Ветер западный — страница 8 из 54

У него полно дел, и это он говорит священнику в последний день перед постом. Самомнение Танли безмерно, в этом ему равных нет. Мне тоже было чем заняться, и первым делом разобраться с его собственными “когда, где и как”. Отпущение грехов — не чепуховина, которую вершат наспех и наобум. Нет, это требует не меньшей сосредоточенности и меткости, чем охота на птиц, летающих в небе, так меня учили. Наказание для Танли зависело от того, что преобладало в его намерениях: убил ли он собаку затем, чтобы избавить от мучений себя главным образом и лишь попутно бедствующее животное, либо наоборот; далее, хотел ли он и в какой степени навредить либо проучить Мэри Грант, а если так, то сколь долго это намерение вызревало, сколь продуманным и злобным оно было, и почему он прибег именно к этой отраве — из нежелания причинять собаке лишние страдания или ради пущего драматического эффекта. Что, как долго, зачем. Я изготовился задать ему эти вопросы, как изготавливается лучник, пускающий стрелу. Но Танли уже поднялся на ноги, тяжело отдуваясь, и приоткрыл занавесь. Прощения дожидаться он не стал, и далеко не впервые я подумал, что он пользуется мной как нужником — заходит, вываливает из себя все, что есть в нем смердящего, и уходит.

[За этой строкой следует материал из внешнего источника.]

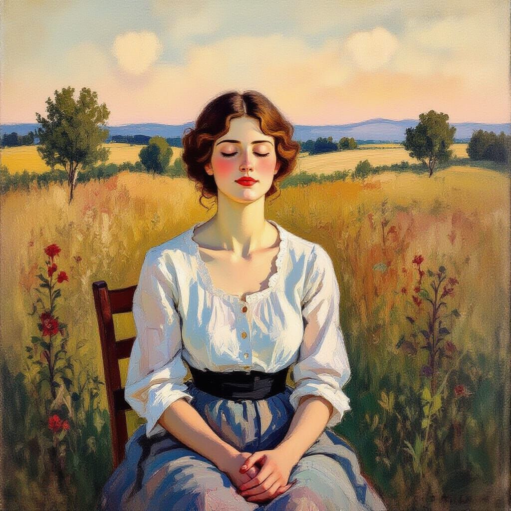 This image shows a woman meditating in nature, eyes closed and smiling peacefully. The artwork features warm colors and expressive lines in a modern art style.

— Повинитесь перед Мэри Грант, — сказал я. — Нарубите ей дров столько, чтобы хватило до конца года. Похороните собаку и трижды прочтите Ave Maria, стоя на том месте, где псина испустила дух.

* * *

Говорил я это самому себе. Танли уже и след простыл.

На каменной стене, прямо перед моими глазами, имелся скол величиной с большой палец, и с какой стороны ни глянь, походил он на стоячий мужской орган. Однажды я попытался придать ему форму верблюжьего горба с намеком на воздержанность этого трудяги, но живого верблюда мне видеть не приходилось, а рисовал я не лучше маленького ребенка, и мои царапки ничего не изменили.

Мой долг — пойти и посмотреть, что там с собакой. Удостовериться по крайней мере, что ее забрали и схоронили, а не оставили на поживу коршунам и чеглокам. Я попинал окоченевшими ногами стену, возвращая им подвижность, но тут в нефе зашумели, заволновались, а затем шаги — дробные, суетливые, — и шаги эти приближались ко мне.

— Рив.

Я сел на табурет. “Господи, — мысленно воззвал я. — Ты сотворил этого человека, помоги же мне справиться с ним”.

* * *

И вот он уже тычется в решетку, наш громогласный шептун из чужих краев, наш путешествующий страж, у которого на все один ответ — “нет”, наш залетный начетчик. Наш мелкий окружной благочинный при исполнении обязанностей шерифа, рыщущий по Оукэму. Неторопливо я снял капюшон и раздвинул перегородку.

— На два слова, Рив, — с улыбкой произнес он и слегка поклонился приличия ради. — Надеюсь, я не помешал.

— Что вы, что вы, — ответил я, глядя на удлиняющуюся очередь. — Мне совершенно нечего делать.

Порыв бежать к нему, поговорить с ним, рассеялся как дым, стоило ему явиться сюда. Теперь я желал обратного: поскорее отделаться от него и увидеть, как оба зада — благочинного и его кобылы — исчезают вдали за Новым крестом. Он засеменил по проходу через неф к северным вратам церкви. Люди в очереди смотрели мимо меня, а я мимо них — в надежде, что они понимают, кому я служу — не ему, лицемерному проныре, сующему свой нос куда не просят, но им, нашему приходу, к которому я и сам принадлежу. Мы вышли из церкви, ветер хлестал с враждебностью уходящей зимы, тешился напоследок. Со стороны Нового креста доносилась музыка, и я увидел завитки дыма неподалеку от дома нашего сурового деревенского старшины, Роберта Гая, — густые завитки, игривые, с запахом бараньего жира и бекона.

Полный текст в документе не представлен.